I am having trouble understanding what the rules are for adding a lookahead to a core production during the construction of the DFA. To illustrate my confusion, I will be using an online parser generator that exposes all the internal calculations; this_tool. (<- open in a new tab)
(The formating is: NONTERMINAL -> RULE, LOOKAHEADS
, where the lookaheads are forward slash sperated)
Using this grammar as an example:
S -> E
E -> ( E )
E -> N O E
E -> N
N -> 1
N -> 2
N -> 3
O -> +
O -> -
Copy and pasting the above grammar into the lalr parser generator will produce a dfa with 12 states (click the >>
). My question is finally, why are the goto(0, N)
kernel productions ( {[E -> N.O E, $/)]; [E -> N., $/)]}
) initiated with the )
terminal? Where does the )
come from? I would expect the goto(0, N)
to be {[E -> N.O E, $]; [E -> N., $]}
. Equally the kernel production in the goto(0, ( )
has an 'extra' )
.
As the dfa is being constructed, equal cores are merged (the core is the set of productions that introduce a new state by performing closure on that set).
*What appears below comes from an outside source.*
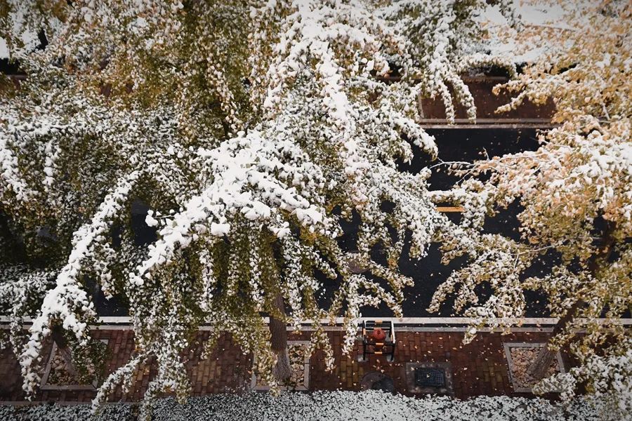 Ginko trees are blanketed in snow, creating picturesque views in early winter. [Photo/view.sdu.edu.cn]

State 2 has production [E -> .N, )];
, which when merged with [E -> N., $]
produces the correct output, but there's no way for state 0 to have known about lookahead of )
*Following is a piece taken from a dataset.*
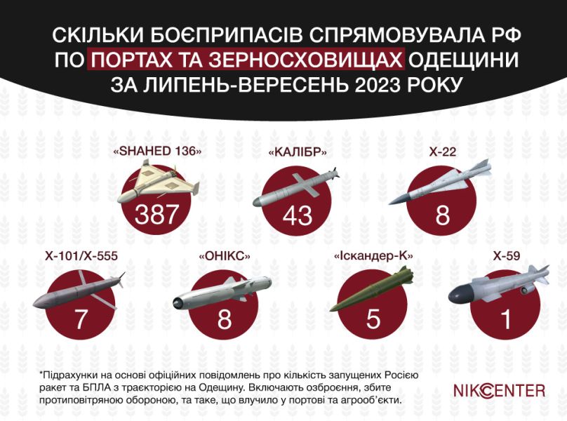 Після розриву зернової угоди, з 17 липня по 27 вересня 2023 року, Росія запускала для атак по портах та агропідприємствах Одеської області близько 400 дронів-камікадзе та 70 різних ракет. За два з половиною місяці росіяни атакували об’єкти регіону, пов’язані з зерном, протягом 20 ночей.

Thanks in advance, sorry if this was a confusing and specific question and about using an external website to demonstrate my issue.✌️
The solution is to propagate any newly found lookaheads then 'goto' the states where those lookaheads are cores of.
The method is described in chapter 4 section 7.5 of the Dragon Book 2nd ed. (here: https://github.com/muthukumarse/books/blob/master/Dragon%20Book%20Compilers%20Principle%20Techniques%20and%20Tools%202nd%20Edtion.pdf)